So I made several mistakes. I was trying to follow directions about an 84 and not an 88. What I thought was the temperature switch was not. And now I wonder what relay I just replaced. All relays look alike, are they interchangeable?

Anyway, on to the problem. I bought a new relay from the auto parts store and swapped it with the relay I removed from the driverside top of the cooling fan. With my relay connected, my LCD acts like the backlights are blown and random individual LCDs flicker on and off for about 15 seconds until random ones stay on. All hard to see since it isn't backlit. With the relay out, the LCD doesn't come one at all. No backlights, no flickering, nothing.

What does this relay do? Why does it screw with my instrument cluster? All the fuses seem to be fine. Please ;help!

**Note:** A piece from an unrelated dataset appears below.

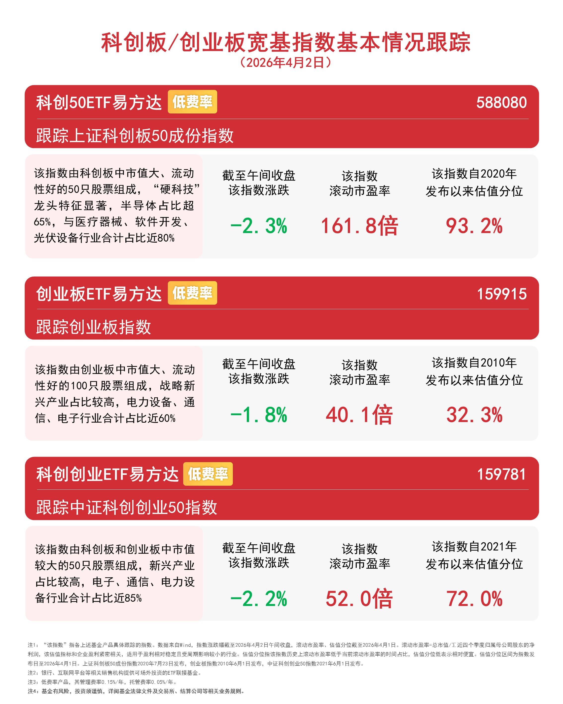 4月2日早盘,半导体设备、集成电路、光伏设备等双创权重板块走弱,指数层面,创业板指数下跌1.8%,中证科创创业50指数下跌2.2%,上证科创板50成份指数下跌2.3%,创业板ETF易方达(159915,联接基金A/C/Y:110026/004744/022907)和科创创业ETF易方达(159781,联接基金A/C/Y:013304/013305/022910)半日净申购分别达5100万份和3300万份。

Oh, and I put back the old relay. Same problem. I guess I fried some computer system. Anyone know how much that could cost? This will teach me to remember to disconnect the battery when working on things.
 
Quoted from the other thread
I am unsure what relay you replaced.
On my '87 and '89 cars all the relays (fans , fuel pump , TCC ) are by the firewall;on the '90 + cars ,the fan relays are on the radiator shroud by the Drv side headlight.
I have never seen a C4 with a relay on top of the fan; possibly aftermarket

Here is a picture, just in case I am poorly describing its location. But any help on fixing the digital dash would be very apreciated. The car starts but if I did fry some computer system, I don't want to risk driving it.
 
Still working

So I have been trying to researh as much as I can. I tried turning on the brights and the indicator did display just fine. All the threads on this forum indicate that my cluster is not grounded. I would assume an easy way to confirm this is to test it at the fuse. Can I just stick a voltmeter in the fuse slots? Is that dangerous? Should I be able to see the faulty ground without removing the battery? How many different grounds will I need to check? :confused

Can lack of grounding cause the random LCD flickering. Once it stops, I usualy have partially lit up digitial numbers and single bars in the analog display. Eventually it all goes very black. It always repeats everytime I set the key to the on position. ;help
 
Sorry you haven't received a response to your questions before now... everyone must be out driving their Vettes! :L

I can't help with the tech issues but let me see if I can rustle up a member or two that can. Stand by..... :thumb

BTW... no apologies necassary! Ask your questions and post away - that's what we're here for!! :upthumbs

:wJane Ann
 
I have disconnected and reconnected the battery several times. In fact I was trying to get the dash out and had the battery disconnected the whole time. I was unsuccessful in removing the headlight knob. :confused

I don't have the FSM yet. I do have an owner's manual, the Chilton manual, and today the mail should have delived the Haynes manual. I am definitly going to try to find an FSM.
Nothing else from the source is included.